Золотое сечение
Шрифт:
В нашем маленьком степном городке за Уралом завод дяди Арсения был самым древним, выстроенным в эпоху пшеничного бума бельгийскими предпринимателями в конце прошлого века. Ни железа, ни малахитовой руды, ни меди в городке никогда не добывали, и был он всегда проходным, ярмарочным, торговым. И только железная дорога да массовые переселения заставили его проснуться, расшевелить окружные черноземы и пустоши.
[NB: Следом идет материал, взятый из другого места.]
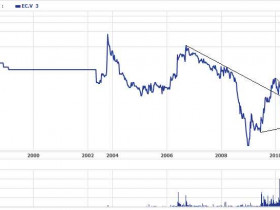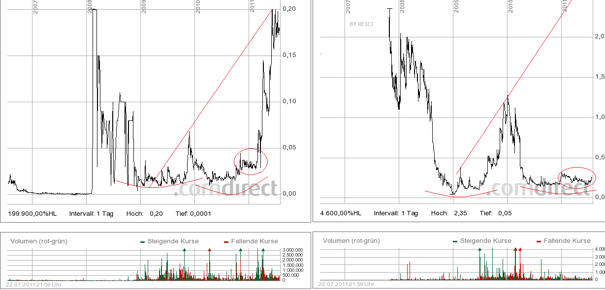 Nov. 2009, als ich als erster hier einstieg, stand der Kurs bei 0,6 C$ und ich prognostizierte bald darauf 2,0 C$, charttechnisch gesehen. Die Situation war ganz ähnlich mit einem gr.Bohrprogramm. Der Kurs alleine aus Fantasie stieg auf 1,28, um dann mit sehr schlechten Bohrproben abzustürzen.

Вот тут и появились бельгийцы с заводом «Плуг для всех», и взметнулись возле железнодорожного вокзала, на болотине, рыжие литейные цеха, забухали ковочные молоты, запел утренние песни заводской зычный гудок…
Все наши мамы и многие папы из дома, где мы жили, работали на этом заводе, будившем нас по утрам зычной паровой сиреной. В те годы я не имел ни малейшего понятия, что именно делал этот завод, но самым приятным для меня были дни, когда бабушка или тетя, суетясь, собирали меня в садик и говорили: «Веди себя хорошо, не пачкайся. Вечером мы идем к дяде Арсению — он свободен сегодня от завода…»
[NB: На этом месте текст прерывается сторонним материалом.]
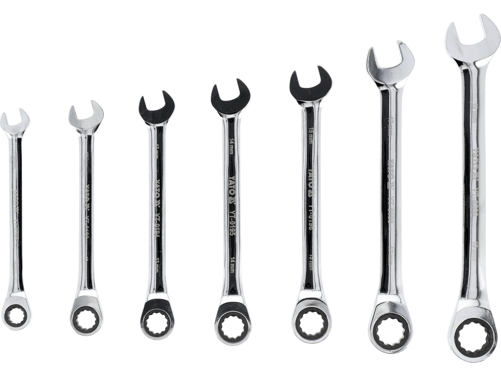 Ráčnové kombinované kľúče 10-19 mm, 7-dielna sada

Незабываемы были эти прогулки! Втроем и вчетвером — с мамой, бабушкой и тетей, в бережно сохраненной от пятен за весь день рубашке и в новом, специально подвязанном тетей девчоночьем банте, который я обычно с ревом срывал, но сейчас, краснея, терпел на шее, мы выходили из деревянных трехстворчатых ворот нашего громадного коммунального дома.
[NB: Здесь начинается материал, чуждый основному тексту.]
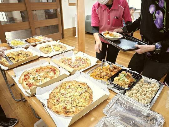 みなさん「美味しい!ピザ久しぶりに食べたわ」「すごいごちそうだね」と喜ばれていました。

Вокруг него почти вплотную лепились утлые деревянные халупки, бревенчатые, потемневшие от времени избы, отгороженные друг от друга старыми, в трещинах, заборами. Путь наш лежал мимо «Голубого Дуная» — распивочной, набитой гудящими, возбужденными людьми; мимо «переселенки» — рубленого двухэтажного дома, огражденного вместе с десятком бараков мощной кирпично-чугунной оградой, уже наполовину поломанной. «Переселенка» когда-то принимала, мыла, стригла, давала временный кров тысячам скитальцев из центральной России, а сейчас в ней — многочисленные госпитали. Из раскрытых окон — фланелевые синие линялые халаты, забинтованные головы, руки, костыли. Пиликает где-то гармошка, и особенно пахнут после дождя громадные, с подушками висящего пуха, столетние тополя… А может, и не столетние, а пятидесятилетние, только высокие, густые, с ладонями широких листьев…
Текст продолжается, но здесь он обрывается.